O’Brien, who began work at Woolworths in his twenties as a shelf stacker, had pledged to restore profit growth that ran at more than 10 percent annually for a decade. Acknowledging that recent performance had been “disappointing,” he said net profit will fall 12 percent in the current fiscal year -- the second drop under O’Brien after 12 years of unbroken growth to 2011.
“Woolworths was king of the supermarket business in an expanding economy while competition was unfathomably low,” said Jeremy Hook, who helps manage about A$350 million including Woolworths shares as investment director of TMS Capital Pty. in Sydney. “It’s probably a good thing he’s going.
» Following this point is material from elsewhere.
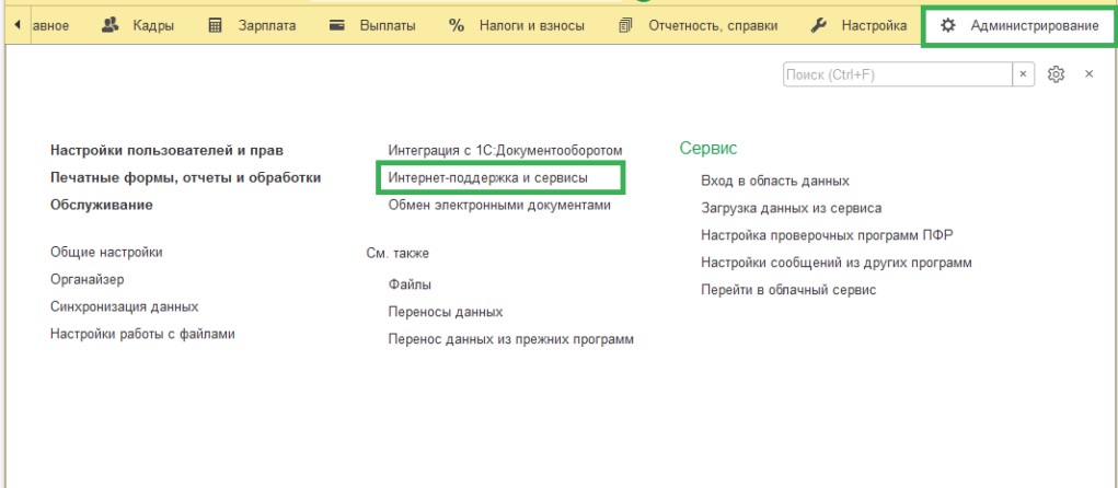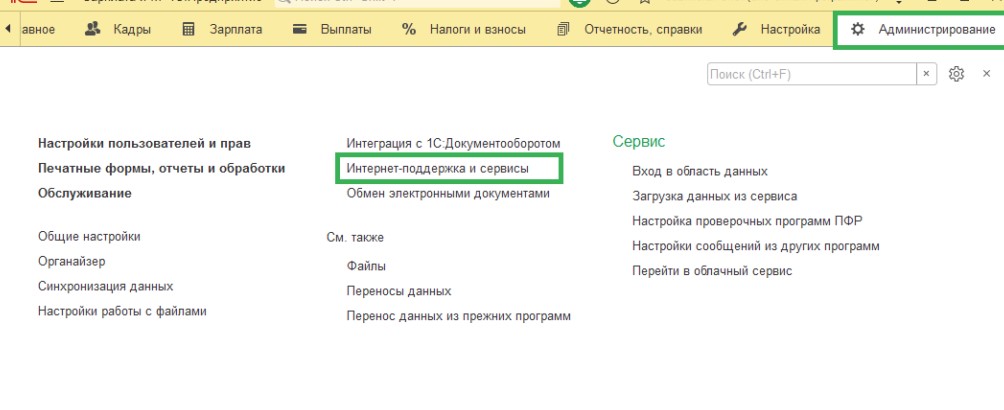 Для загрузки файла открываем "Администрирование", переходим в "Интернет-поддержка и сервисы".

The market’s been baying for blood and the record under his watch is poor.”
Woolworths shares, which closed at their lowest level in three years Monday, were 1.8 percent higher at 11:50 a.m. in Sydney. They have declined 11 percent so far this year against a 3.3 percent improvement in the S&P/ASX 200 benchmark.
O’Brien said on a media call after the announcement he isn’t looking for another job and considers his departure from the company where he’s worked for 28 years his retirement, not a resignation.
“Very few people get the privilege of being CEO in a company that they grew up in, and I had that privilege,” he said. “I don’t think that you can recreate that somewhere else.”
With a combined market share of more than 78 percent, Woolworths and Wesfarmers Ltd., which owns its main rival Coles, have become two of the top seven retailers globally by net profits. That’s under threat from German discounter Aldi, which has doubled sales in the country since 2008 and could repeat that by 2019, according to UBS Group AG.
“We set out clear strategies to grow our businesses over the next three years and we have been working hard to execute these plans,” O’Brien said in the statement Wednesday. “However, the recent performance has been disappointing and below expectations.”
Net profit in the full fiscal year will fall to about A$2.15 billion, from A$2.45 billion last year, as a result of discounting its products and investing in stores to win back customers, Woolworths said. The company will take one-time costs of about A$270 million to pay for about 1,200 redundancies, changes to business practices and selling property assets at a loss.
Woolworths has tried and failed for 21 consecutive quarters to overtake Coles in the key measure of sales growth from grocery stores open at least 12 months.
The measure has so far fallen about 0.7 percent in the June quarter, after adjusting for the timing of Easter. If sustained, that would be the first quarterly fall since at least 2007. Australian supermarkets made up about 84 percent of Woolworths operating income last year, according to data compiled by Bloomberg.
Sales from Big W stores open at least 12 months have fallen 12 percent in the quarter to date, while those from the loss-making Masters hardware joint venture with Lowe’s Cos. gained 18 percent.
“Aldi have taken 10 years to get under anyone’s skin and they’ve been consistently underestimated,” said Hook. “Woolworths was the shoppers’ choice but customers have now switched to Coles or Aldi and it will take a bit of convincing to win them back.”
(An earlier version of this story was corrected to show that O’Brien began work at the supermarket as a shelf stacker in his twenties, not as a teenager.)